Density of separator for an electrochemical element of the present invention is preferably 0.20~0.80g / cm ^3, more preferably 0.40~0.70g / cm ^3. When the density is less than 0.20 g / cm ^{3, the} density of the separator may be insufficient, and when it exceeds 0.80 g / cm ³ , the porosity of the separator is lowered and the amount of electrolyte retained is insufficient. Thus, the internal resistance of the electrochemical device may be increased.

  EXAMPLES Hereinafter, the present invention will be specifically described with reference to examples, but the present invention is not limited to the examples.

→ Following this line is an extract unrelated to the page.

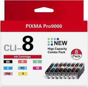 CLI-8 8 Color Multi Pack Ink Tank 8-Pack Vowdic Compatible Replacement for Canon CLI-8 Ink Cartridges with Pixma Pro9000 and Pro9000 Mark II Printer (1BK 1C 1M 1Y 1PC 1PM 1R 1G)

<Preparation of fiber slurry>
A fiber slurry was prepared according to the formulation shown in Table 1. A1 to A3 in Table 1 mean fibrillated solvent-spun cellulose fibers treated with a refiner, and the modified freeness is as shown in Table 1. B1 is a polyethylene terephthalate short fiber having a fineness of 0.03 dtex and a fiber length of 1 mm, B2 is a polyethylene terephthalate short fiber having a fineness of 0.1 dtex and a fiber length of 3 mm, B3 is a fineness of 1.1 dtex and a fiber length of 10 mm, and the core is polyethylene terephthalate ( Melting point: 253 ° C.) Polyester-core-sheathed short fiber with a sheath of polyethylene terephthalate-isophthalate copolymer (softening point: 75 ° C.), C1: Polyacrylonitrile short fiber having a fineness of 0.4 dtex and a fiber length of 5 mm means. D1 means a fibrillated natural cellulose fiber having a modified freeness of 0 ml, which is obtained by treating a linter with a high-pressure homogenizer.

<Coating liquid 1>
The linter is processed using a high-pressure homogenizer to produce fibrillated natural cellulose fibers having an average fiber diameter of 140 nm and a length-weighted average fiber length of 0.14 mm, and 0.05% by weight of coating liquid 1 is prepared using water as a dispersion medium. did.

<Coating liquid 2>
The linter is processed using a high-pressure homogenizer to produce fibrillated natural cellulose fibers having an average fiber diameter of 430 nm and a length-weighted average fiber length of 0.57 mm, and a 0.50 mass% coating solution 2 is prepared using water as a dispersion medium. did.

<Coating liquid 3>
The linter is processed using a high-pressure homogenizer to produce fibrillated natural cellulose fibers having an average fiber diameter of 280 nm and a length-weighted average fiber length of 0.30 mm, and a 0.20% by mass coating solution 3 is prepared using water as a dispersion medium. did.

<Coating liquid 4>
The linter is treated using a high-pressure homogenizer to produce fibrillated natural cellulose fibers having an average fiber diameter of 60 nm and a length-weighted average fiber length of 0.09 mm, and 0.05% by weight of a coating liquid 4 is prepared using water as a dispersion medium. did.

<Coating fluid 5>
The bagasse, which is a sugarcane squeezer, is treated using a high-pressure homogenizer to produce fibrillated natural cellulose fibers having an average fiber diameter of 580 nm and a length-weighted average fiber length of 0.65 mm, and 0.50% by mass using water as a dispersion medium. The coating liquid 5 was prepared.

<Coating liquid 6>
The linter is treated using a high-pressure homogenizer to produce fibrillated natural cellulose fibers having an average fiber diameter of 50 nm and a length-weighted average fiber length of 0.16 mm, and 0.05% by weight of a coating liquid 6 is prepared using water as a dispersion medium. did.

<Coating liquid 7>
The bagasse, which is a sugarcane squeezer, is treated using a high-pressure homogenizer to produce fibrillated natural cellulose fibers having an average fiber diameter of 620 nm and a length-weighted average fiber length of 0.58 mm, and 0.50% by mass using water as a dispersion medium. A coating liquid 7 was prepared.

<Coating liquid 8>
A 0.30 mass% carboxymethylcellulose aqueous solution was prepared and used as coating solution 8.

<Coating liquid 9>
A 0.30 mass% polyacrylamide aqueous solution was prepared and used as coating solution 9.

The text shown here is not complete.